One way to do this without using a udf
is to first convert your integer column into a dummy timestamp, and then do pretty much the same thing as outlined in my answer to a similar question. Finally convert the result back into an integer of the desired format.
More thorough example data
I created an example with some more variability to demonstrate that this method is working properly.
data = sqlCtx.createDataFrame([(925,), (2205,), (2210,), (2242,), (2255,)], ["TIME"])
data.show()
#+----+
#|TIME|
#+----+
#| 925|
#|2205|
#|2210|
#|2242|
#|2255|
#+----+
Converting Integer Column To dummy Timestamp
To convert the integer hour-minute column into a timestamp, we first use pyspark.sql.functions.format_string()
to add leading zeros to the time when appropriate. Next we concatenate a dummy date (I used "2018-01-01"

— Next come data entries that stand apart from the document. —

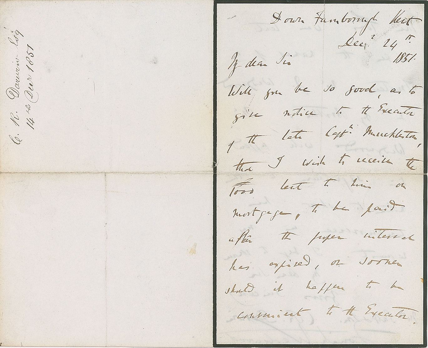 ALS signed “C. R. Darwin,” both sides of a black-bordered 4.25 x 7 page, December 24, 1851. Written from his home in Down Farnborough, Kent, Darwin writes to his lawyer and financial advisor, Thomas Salt, in full: "Will you be so good, as to give notice to the Executor of the late Capt'n. Muckleston, that I wish to receive the £1000 lent to him on mortgage, to be paid after the proper interval has expired, or sooner should it happen to be convenient to the Executor. The £1000 was lent under the names of my Trustees Mr. J. Wedgwood & my Brother. Mr. Wedgwood will append his signature to this note to show his concurrence in my request." Josiah Wedgewood, Darwin's grandfather, had added his signature below. In fine condition, with intersecting folds.
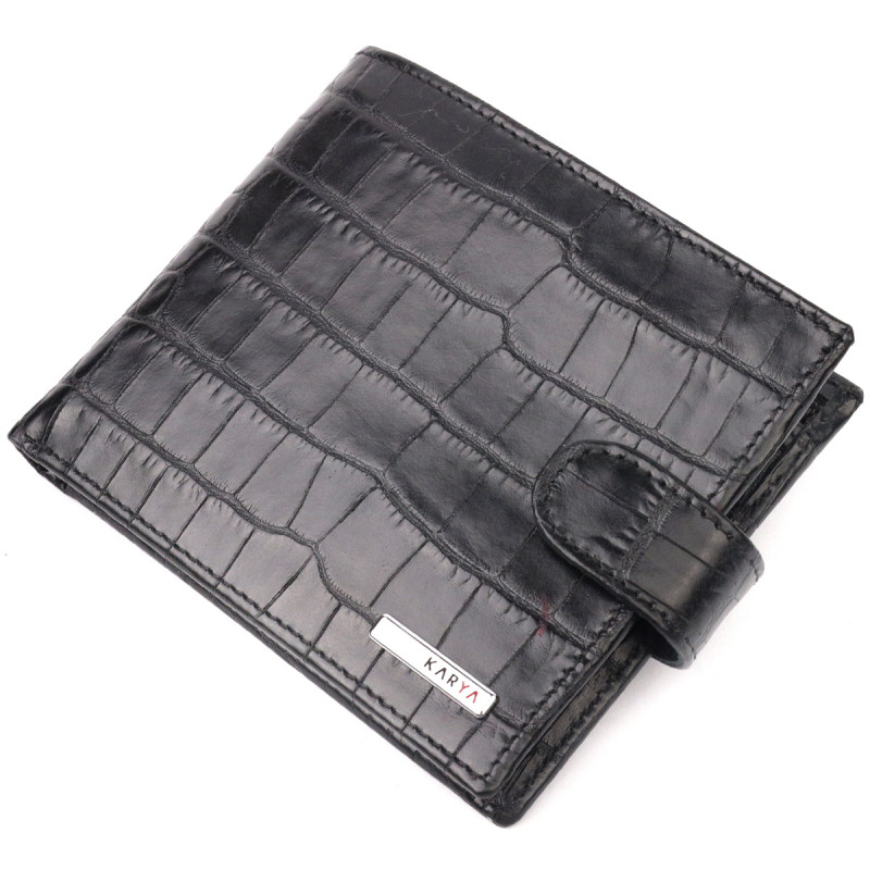 Горизонтальное узкое портмоне с хлястиком из натуральной фактурной кожи под крокодила KARYA Черный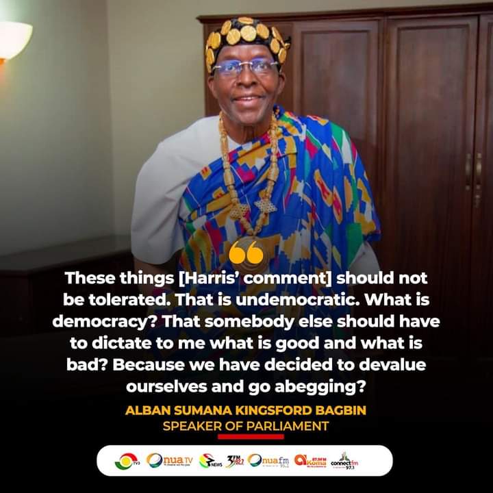 Again , Mr. Speaker added that, Harris comment is undemocratic and unprofessional. He asked “What is democracy? That somebody else should have to dictate to me what is good and what is bad? Because we’ve decided to devalue ourselves and go abegging for our indebted loans to be forgiven?”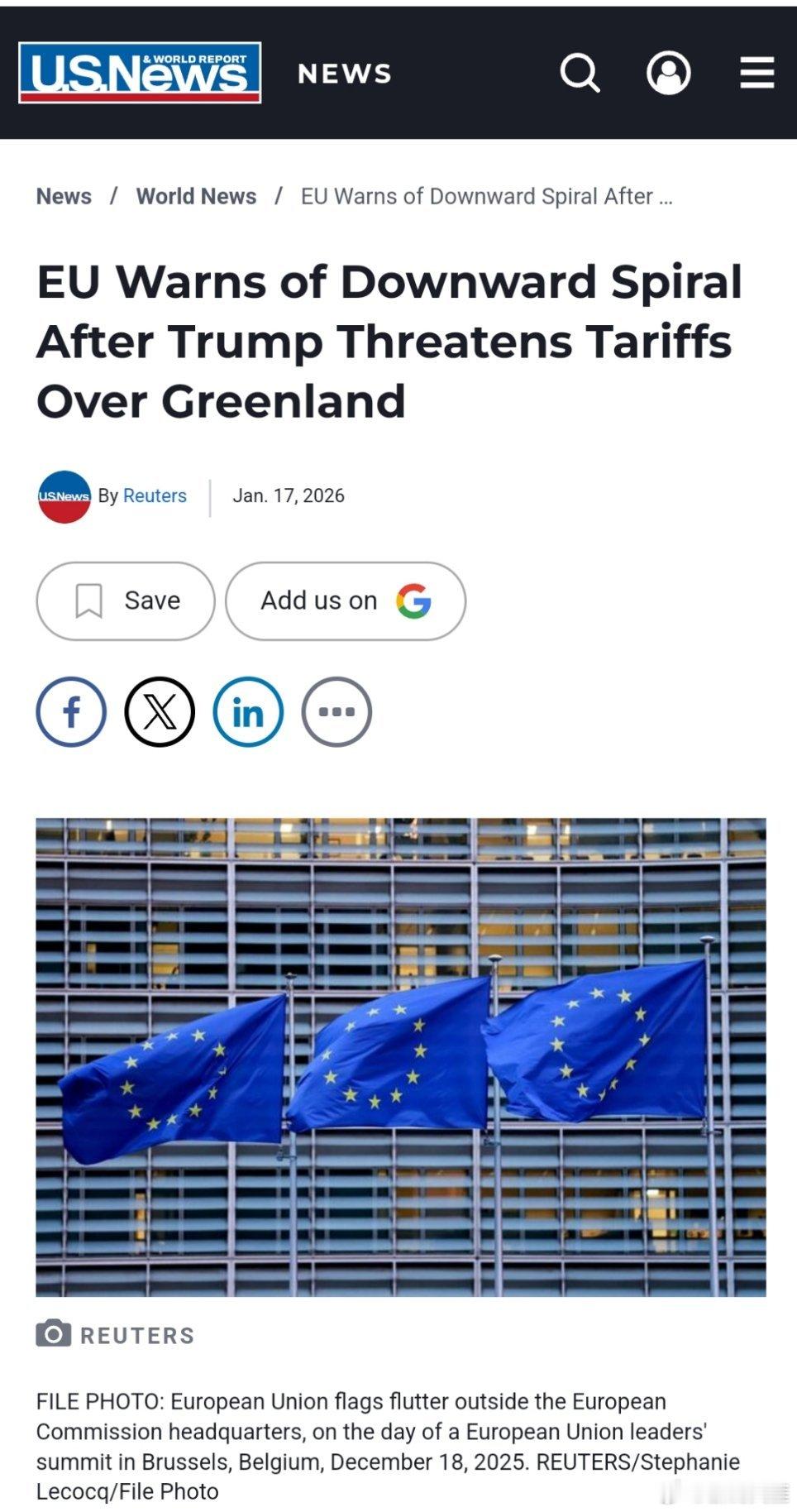 特朗普向欧洲8国加征关税特朗普就格陵兰岛问题威胁加征关税后,欧盟警告局势可能会陷入恶性循环。(路透社布鲁塞尔 1 月 17 日电)——欧盟领导人周六警告称,由于美国总统唐纳德·特朗普宣称要对欧洲盟友实施越来越高的关税,直至美国能够购买格陵兰岛,这将导致“危险的恶性循环”。“关税将会损害跨大西洋关系,并有可能引发危险的恶性循环。欧洲将保持团结、协调,并致力于维护自身的主权。”欧盟委员会主席乌尔苏拉·冯德莱恩和欧盟理事会主席安东尼奥·科斯塔在推特上发文如是表示。该集团的首席外交官卡娅·卡拉斯表示,这些关税举措将损害大西洋两岸的经济繁荣,并分散欧盟专注于“核心任务”(即结束俄罗斯在乌克兰的战争)的精力。“关税可能会让欧洲和美国变得更加贫穷,并破坏我们共同的繁荣局面。如果格陵兰的安全受到威胁,我们可以在北约内部解决这个问题。”欧盟 27 个成员国的外交官将于周日召开紧急会议,讨论针对关税威胁的应对措施。(美国新闻网)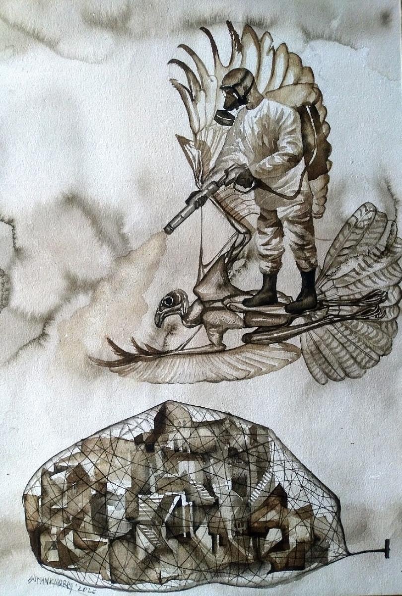 For Chhattisgarh-based Durgadas Garai, making art is cathartic. As Garai comments on tragedies — be it the Kerala floods or the Bhopal gas tragedy — he finds succour in his artistic expression. One of his works, ‘Truth and Reality’, shows a young pensive boy with a thought bubble above him, which depicts burning frames. “I wasn’t even born when the Bhopal gas tragedy happened, but as an artist, I feel compelled to respond to these happenings. We have ideas for our future, but then they are struck down by the reality of that time, just like what happened with Covid-19,” expresses Garai.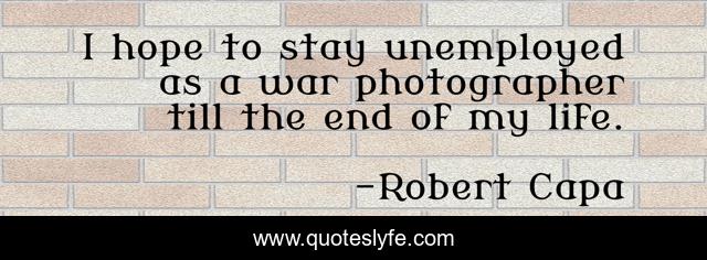 This page presents the quote "I hope to stay unemployed as a war photographer till the end of my life.". Author of this quote is Robert Capa. This quote is about life, end, war,.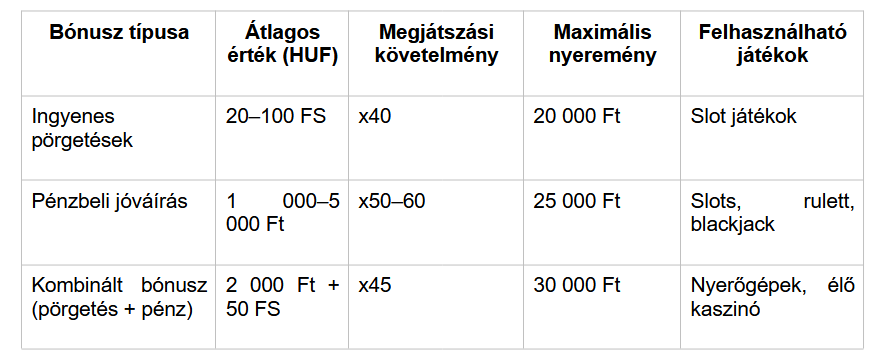 Az alábbi táblázat mutatja be a leggyakoribb bónusztípusokat és azok jellemzőit a magyar online kaszinókban: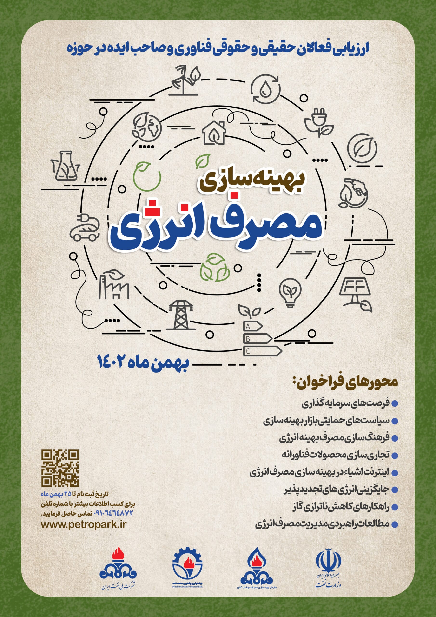 با امعان نظر به تاكيدات مقام معظم رهبري بر صرفهجويي و كاهش مستمر شاخص شدت انرژي كشور و تاکید مقام محترم رئیس جمهور به منظور بهرهبرداري جدي از توان و ظرفيت نقشآفريني شركتهاي دانشبنيان و فناور داخلي در حوزه مدیریت بهینه و مصرف انرژي كشور؛ وزارت نفت مدنظر دارد فراخواني با همکاری پارک فناوری و نوآوری صنعت نفت، معاونت علمی، فناوری و اقتصاد دانشبنیان، و شركت بهينهسازي مصرف سوخت با عنوان «ارزيابي فعالان حقیقی و حقوقی فناور و صاحب ایده در حوزه بهينهسازي مصرف انرژي» در دی ماه سال 1402 برگزار نماید.
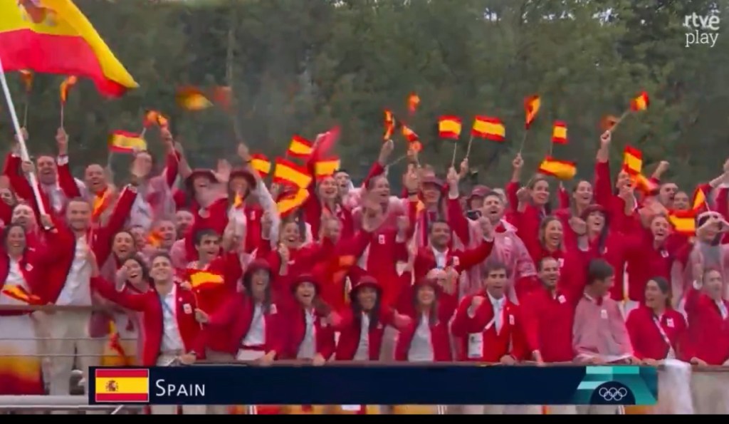 El barco español lleno de sonrisas y de caras de ilusión con los miembros de la delegación nacional luciendo los colores de nuestra bandera. Con chaqueta roja y banderas en mano, los deportistas españoles viven un momento histórico con una ceremonia atípica cruzando el Sena, una iniciativa que lejos del rechazo que han podido leer anteriormente, a mi me ha gustado y ha sido más que correcta.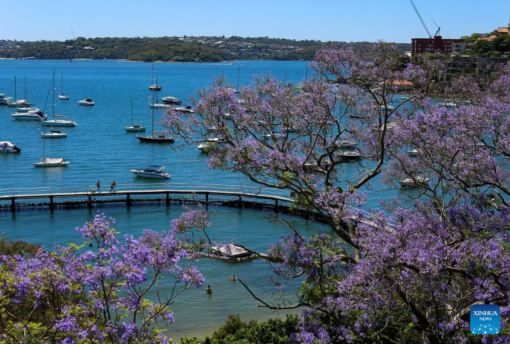 This photo taken on Nov. 5, 2025 shows the scenery of blooming jacaranda and Harbor Bridge in Sydney, Australia. (Xinhua/Ma Ping)
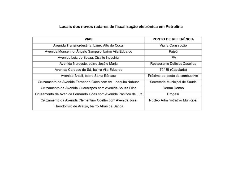 A Prefeitura de Petrolina, por meio da Autarquia Municipal de Mobilidade (AMMPLA), inicia na próxima segunda-feira (14) a operação de novos radares de fiscalização eletrônica. Os equipamentos foram instalados em locais com maior incidência de acidentes. A medida integra um conjunto de ações voltadas à melhoria da segurança viária no município.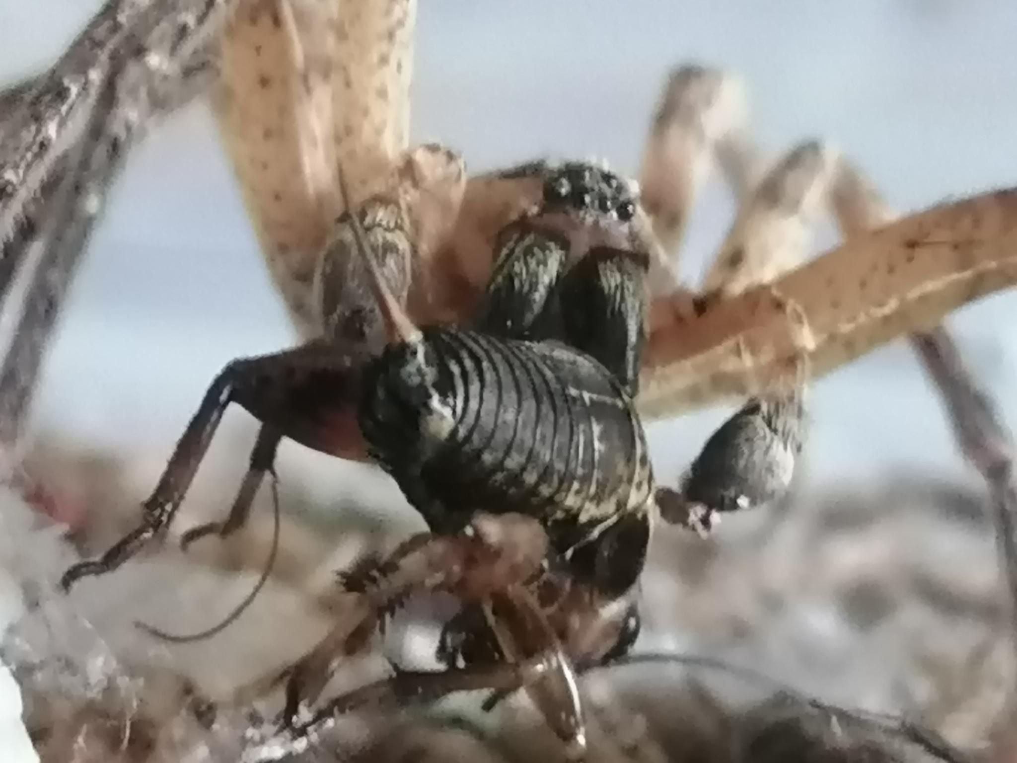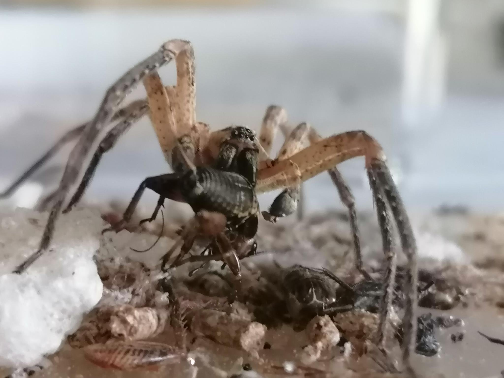 Schon seit zwei Tagen warte ich auch darauf, dass´sich das Spinnenmännchen eine der größeren Grillen fängt und heute ist es passiert. Somit werde ich auch das Männchen morgen frei lassen.
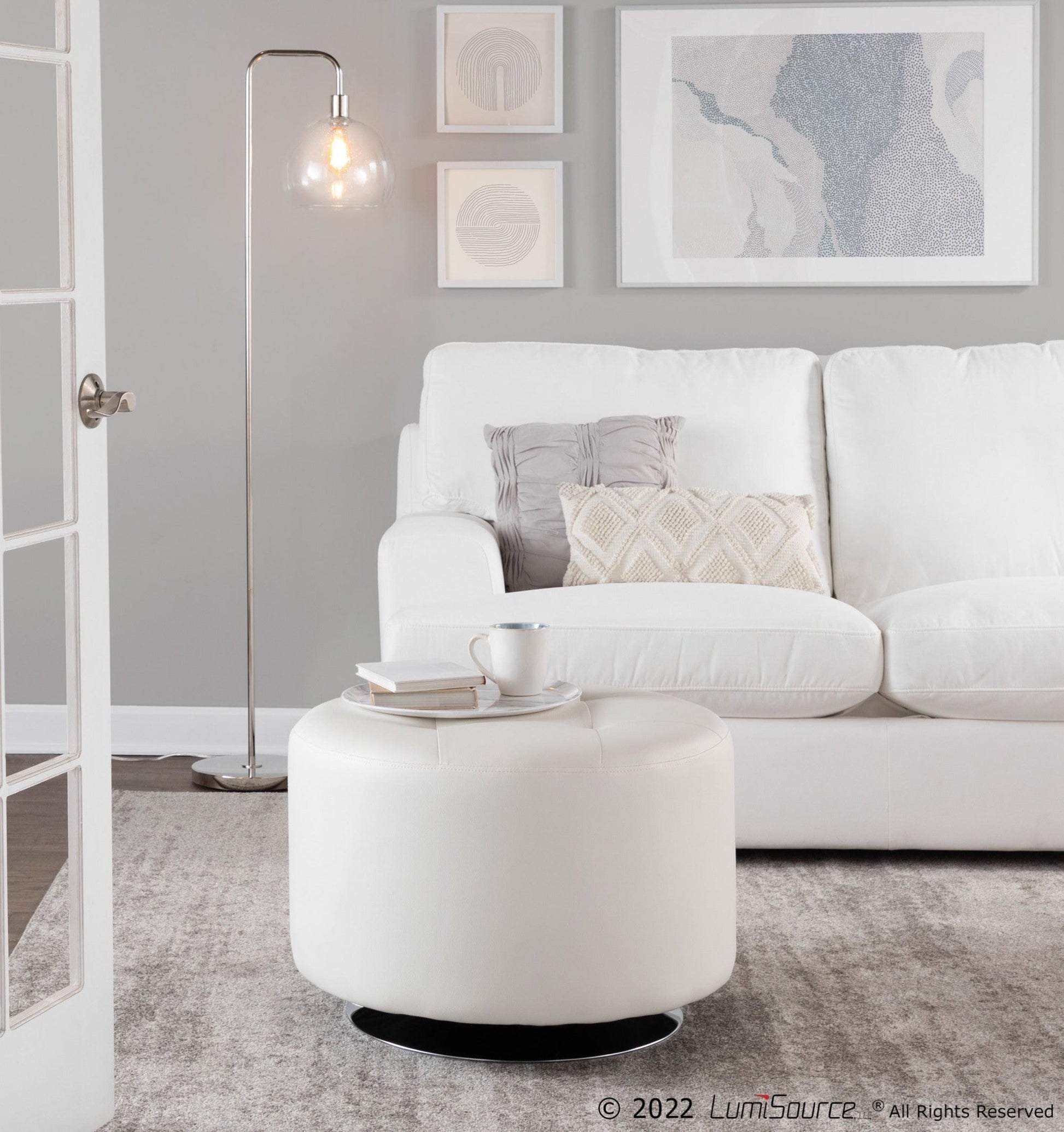 The Floor Lamp from Grandview Gallery by Majestic Office Furniture is sure to catch the eyes of anyone in its presence. This lamp features a speckled glass shade and allows you to admire the beautifully exposed bulb that will illuminate any dark corner or space within your home. Its sleek body and base come in several finishes, so choose one that suits you best today!

) with the converted time, and add ":00"
at the end (for seconds).
data = data.withColumn("time_string", f.format_string("%04d", f.col("TIME")))\
.withColumn(
"time_string",
f.concat_ws(
":",
f.array(
[
f.substring(
"time_string",
1,
2
),
f.substring(
"time_string",
3,
2
),
f.lit("00")
]
)
)
)\
.withColumn("time_string", f.concat(f.lit("2018-01-01 "), f.col("time_string")))
data.show()
#+----+-------------------+
#|TIME| time_string|
#+----+-------------------+
#| 925|2018-01-01 09:25:00|
#|2205|2018-01-01 22:05:00|
#|2210|2018-01-01 22:10:00|
#|2242|2018-01-01 22:42:00|
#|2255|2018-01-01 22:55:00|
#+----+-------------------+
Compute how many minutes to offset the timestamp
Use pyspark.sql.functions.minute()
to get the minute from the dummy timestamp. We divide by 15, round, and then multiply by 15 to get the "new" minute. (This logic is explained in more detail in the linked answer.)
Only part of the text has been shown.